A PULP SoC for education, easy to understand and extend with a full flow for a physical design.

Install / Use

/learn @pulp-platform/Croc
About this skill

Quality Score

0/100

Category

Design

Supported Platforms

Universal

README

Croc System-on-Chip

A simple SoC for education using PULP IPs. Croc includes all scripts necessary to produce a nearly finished chip in IHPs open-source 130nm technology.

As it is oriented towards education, it forgoes some configurability to increase readability of the RTL and scripts.

Croc is developed as part of the PULP project, a joint effort between ETH Zurich and the University of Bologna.

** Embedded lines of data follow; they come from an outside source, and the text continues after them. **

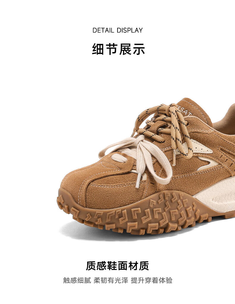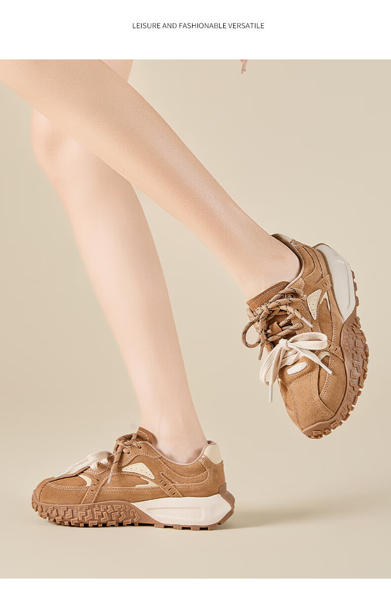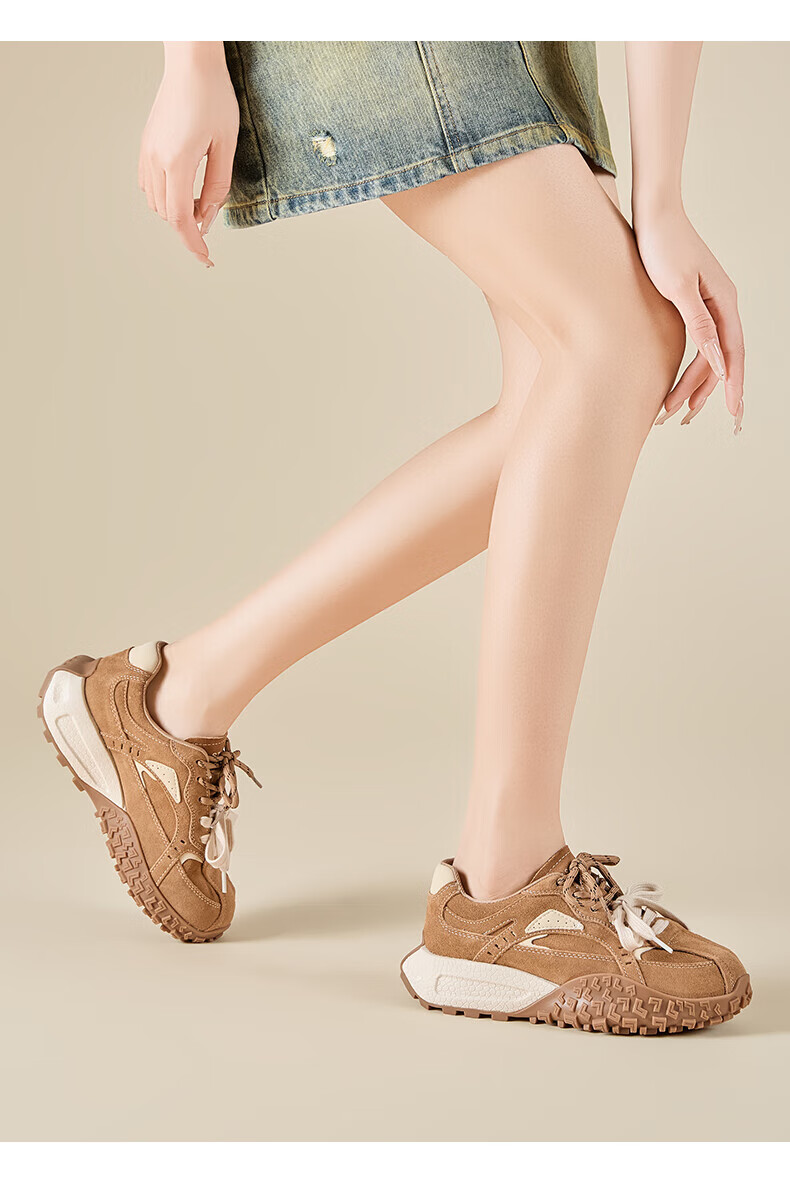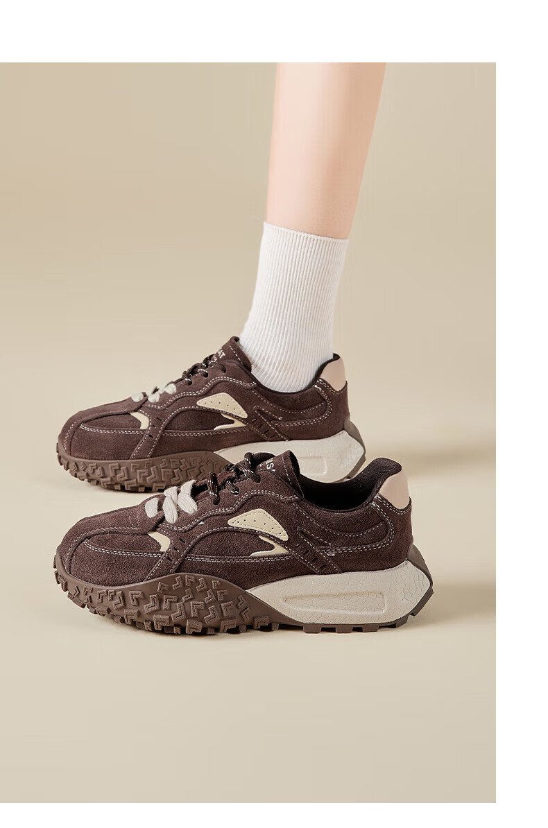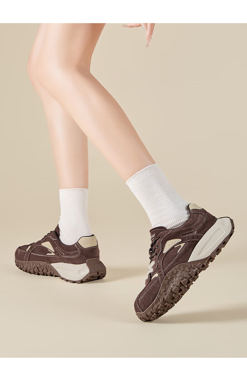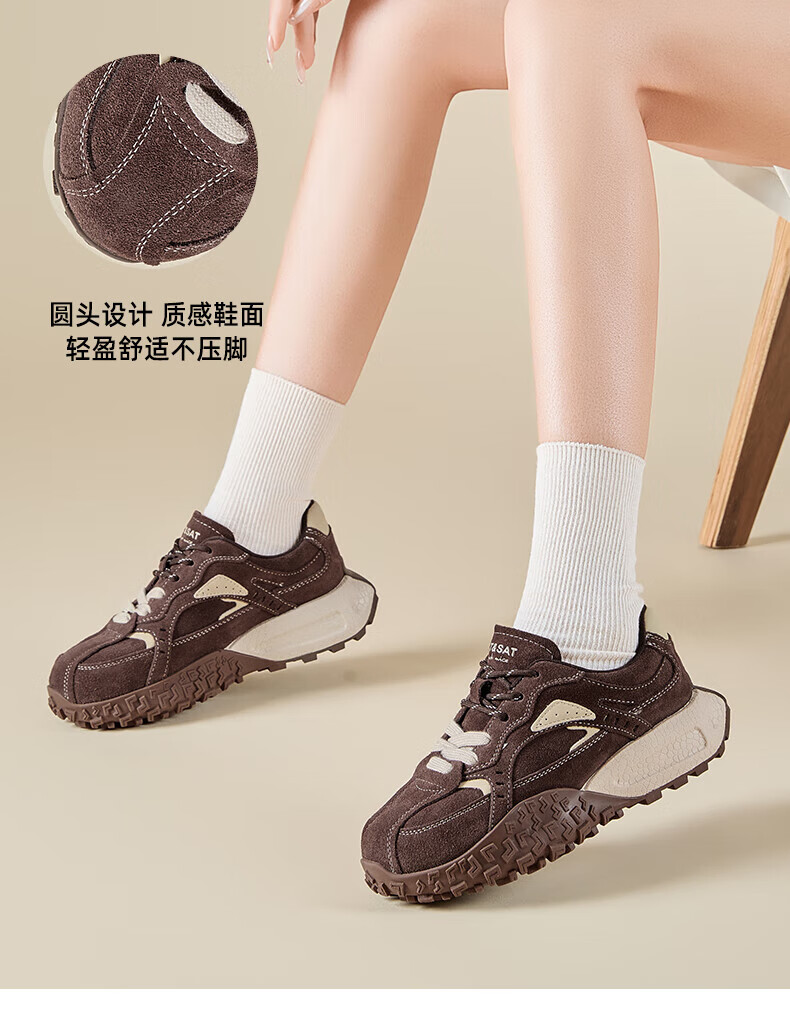 星期六内增高德训鞋女鞋2025新款秋冬加绒休闲运动鞋舒适百搭阿甘鞋女 深咖色【单里款】 35
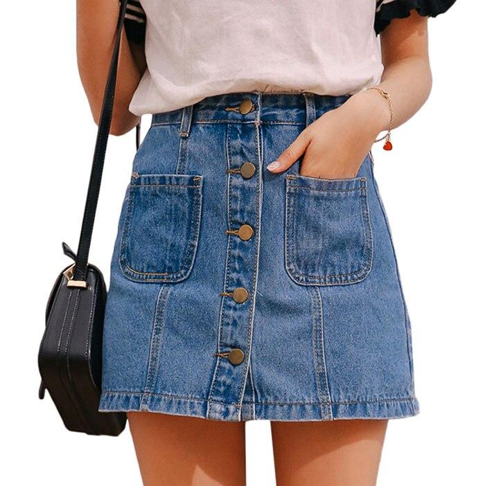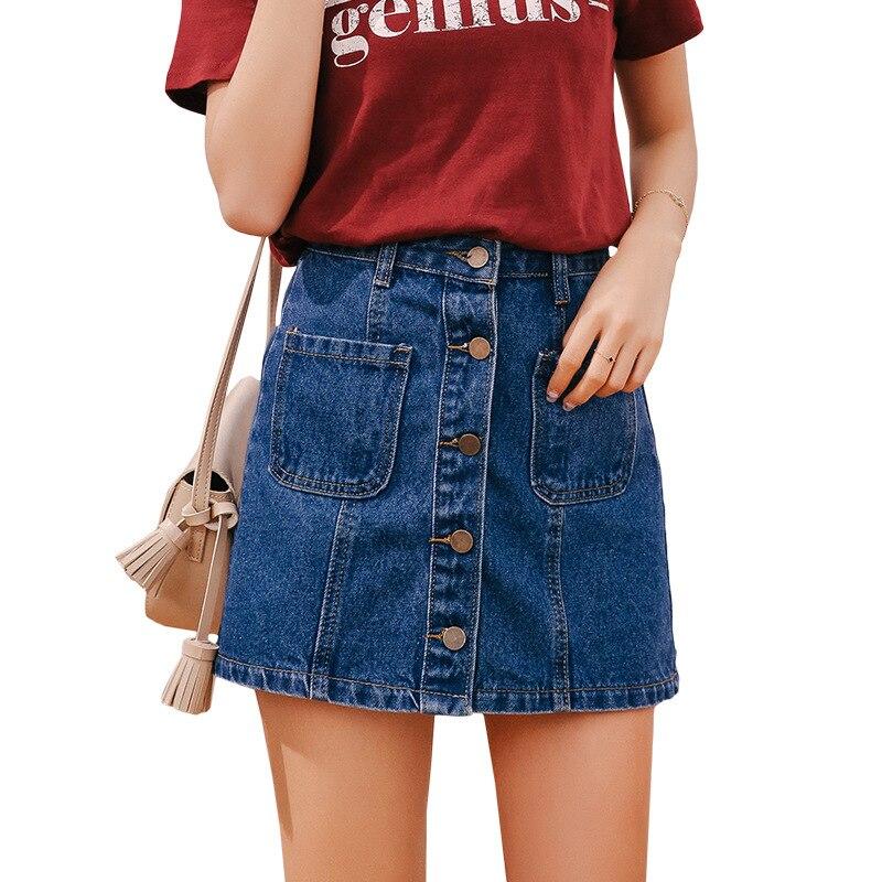 1*Button High Waist A-line Mini Denim Skirts With Strap
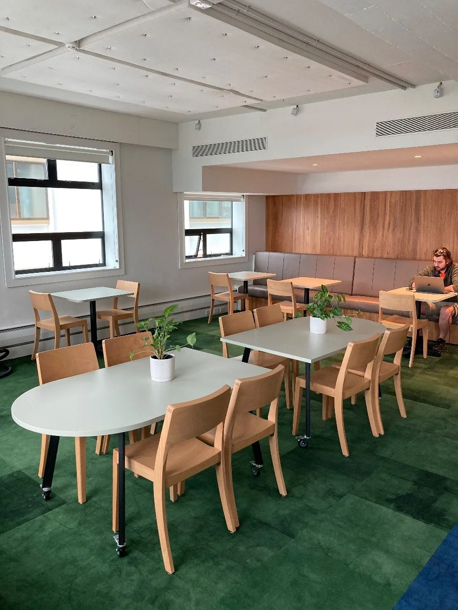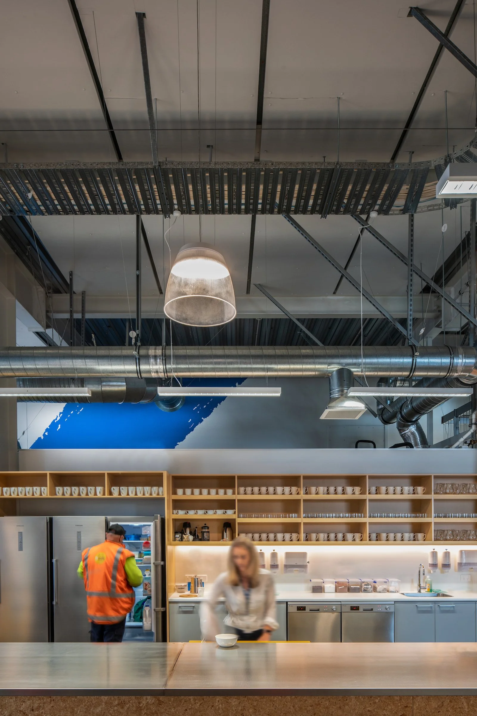 The fitout design embraced the building’s existing features — exposed ceilings, daylight, and views — and complemented them with warm, natural materials and a sustainable fitout.
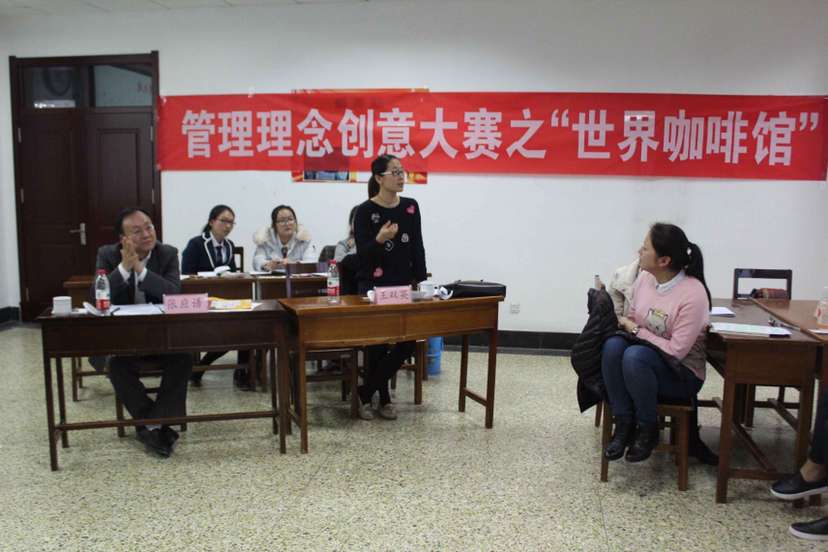 11月15日14:30,由我院团总支学生会秘书处举办的管理理念创意大赛之“世界咖啡馆”于JC607顺利进行。我院副教授王双英、讲师张应语担任此次大赛评委。
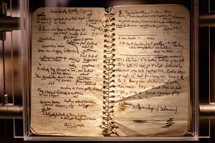 One of three notebooks containing original handwritten lyrics used on the Bob Dylan album “Blood on the Tracks," on display at the Bob Dylan Center in Tulsa, Okla., April 30, 2022. A new space to display Dylan’s vast archive, celebrates one of the world’s most elusive creators, and gives visitors a close-up look at notebooks and fan mail. (Joseph Rushmore/The New York Times)
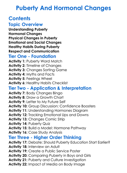 Puberty And Hormonal Changes Worksheet Activity Booklet
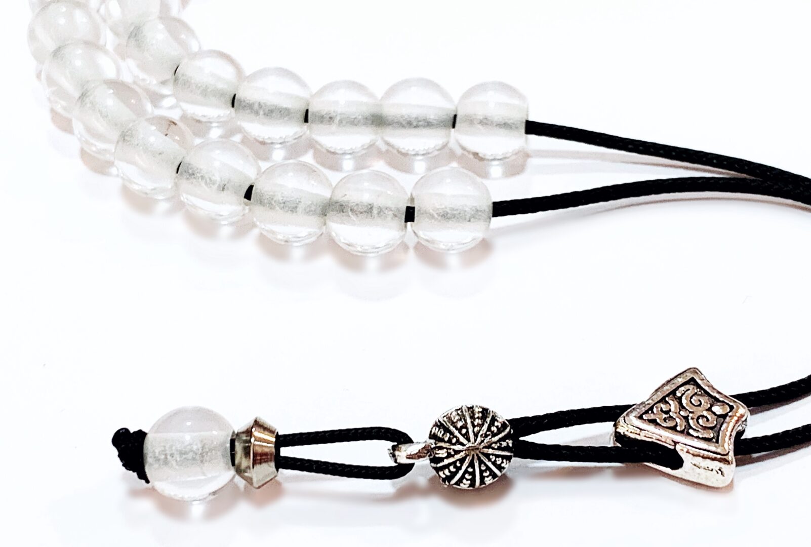 Χειροποίητο κομπολόι από ημιπολύτιμες χάντρες  λευκού Χαλαζία quartz  .
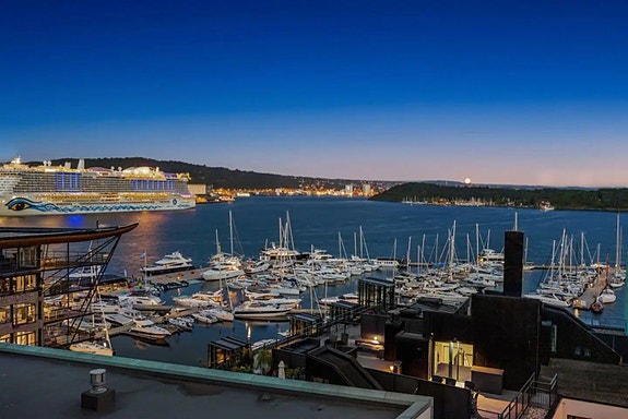 Felles takterrasse med panoramautsikt over Oslofjorden, byen, Holmenkollen og Aker Brygge Marina
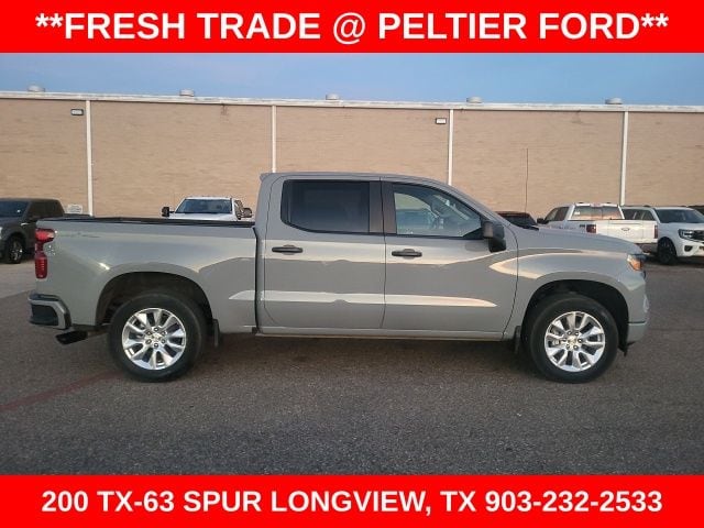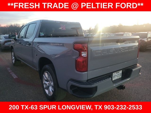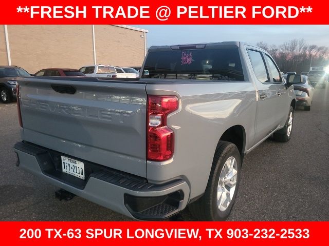 Clean CARFAX. CARFAX One-Owner. Slate Gray Metallic 2024 Chevrolet 2.7L I4 Turbocharged DOHC 16V LEV3-SULEV30 310hp 4D Crew Cab Silverado 1500 Custom 8-Speed Automatic 4WD
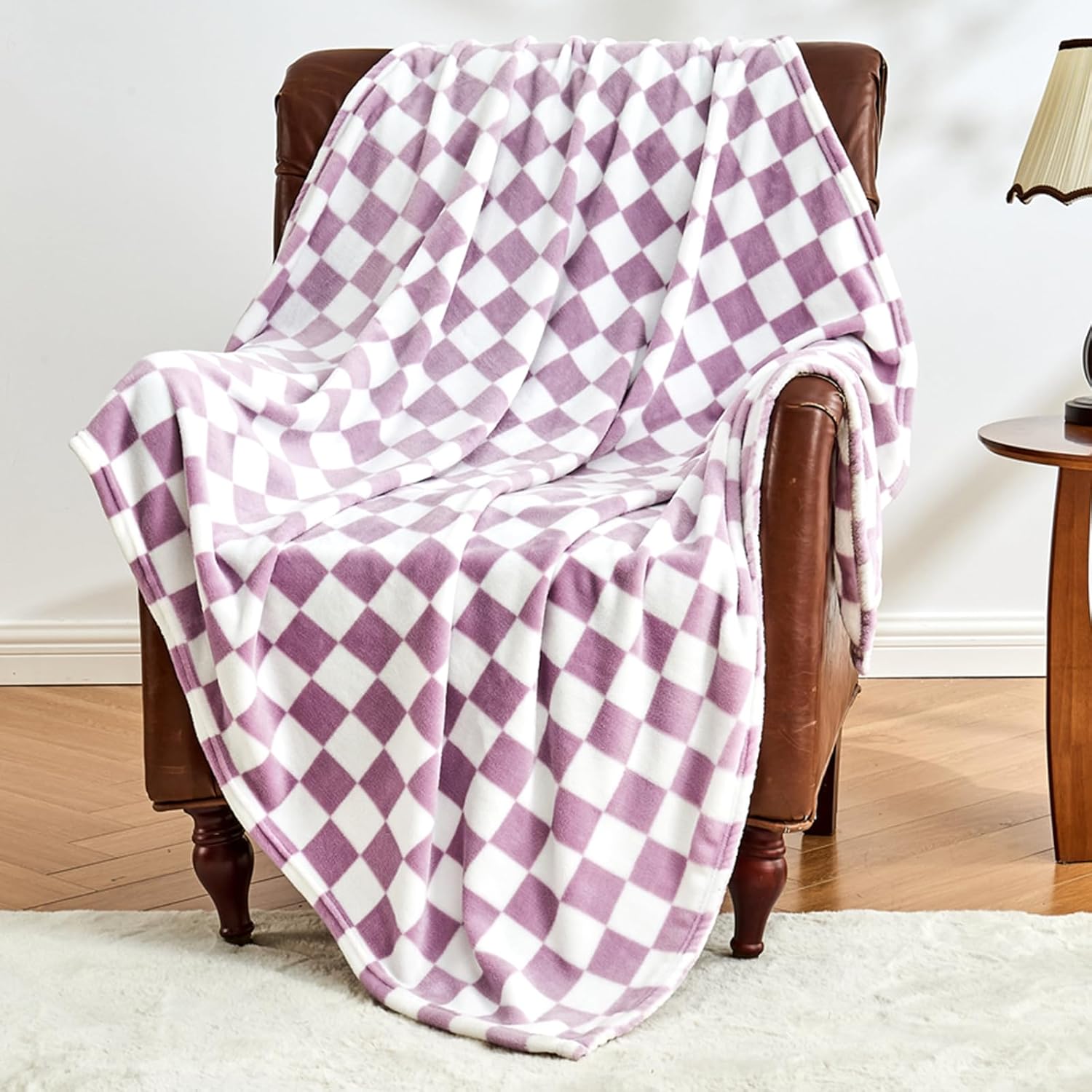 Checkered Blanket Flannel Throw Blankets Soft Cozy Checkered Grid Print Chessboard Gingham Pattern Throws for Bed Sofa Couch for All Seasons, 50x60 Inch, Purple

Croc was successfully taped out in Nov 2024 in the chip MLEM, named after the sound Yoshi makes when eating a tasty fruit. MLEM's core functionality was verified on real silicon early 2026.
MLEM was designed and prepared for tapeout by ETHZ students as a bachelor project. The exact code and scripts used for the tapeout can be seen in the frozen mlem-tapeout branch.

Architecture

Croc block diagram

The SoC is composed of two main parts:

  • The croc_domain containing a CVE2 core (a more minimal fork of Ibex), SRAM, an OBI crossbar and a few simple peripherals
  • The user_domain where students are invited to add their own designs or other open-source designs (peripherals, accelerators...)

The main interconnect is OBI, you can find the spec online.

The various IPs of the SoC (UART, OBI, debug-module, timer...) come from other PULP repositories and are managed by Bender. To make it easier to browse and understand, only used or important building blocks are included in rtl/<IP>. You may want to explore the repositories of the respective IPs to find their documentation or additional functionality, the urls are in Bender.yml.

Configuration

The main SoC configurations are in rtl/croc_pkg.sv:

| Parameter | Default | Function | |---------------------|------------------|-------------------------------------------------------| | PulpJtagIdCode | 32'h1C0C_5DB3 | Debug module ID code | | iDMAEnable | 0 | Enable optional DMA (see rtl/idma) | | NumSramBanks | 2 | Number of memory banks | | SramBankNumWords | 512 | Number of 32bit words in a memory bank | | BootAddr | 32'h1000_0000 | Default boot address set in 'soc_ctrl' register | | CrocAddrMap | see 'Memory Map' | Routing rules used for the main crossbar | | PeriphAddrMap | see 'Memory Map' | Routing rules used for the peripheral demuliplexer |

Further configurations can be made in rtl/core_wrap.sv (core specifics) and rtl/croc_soc.sv (connectivity between domains and to/from outside).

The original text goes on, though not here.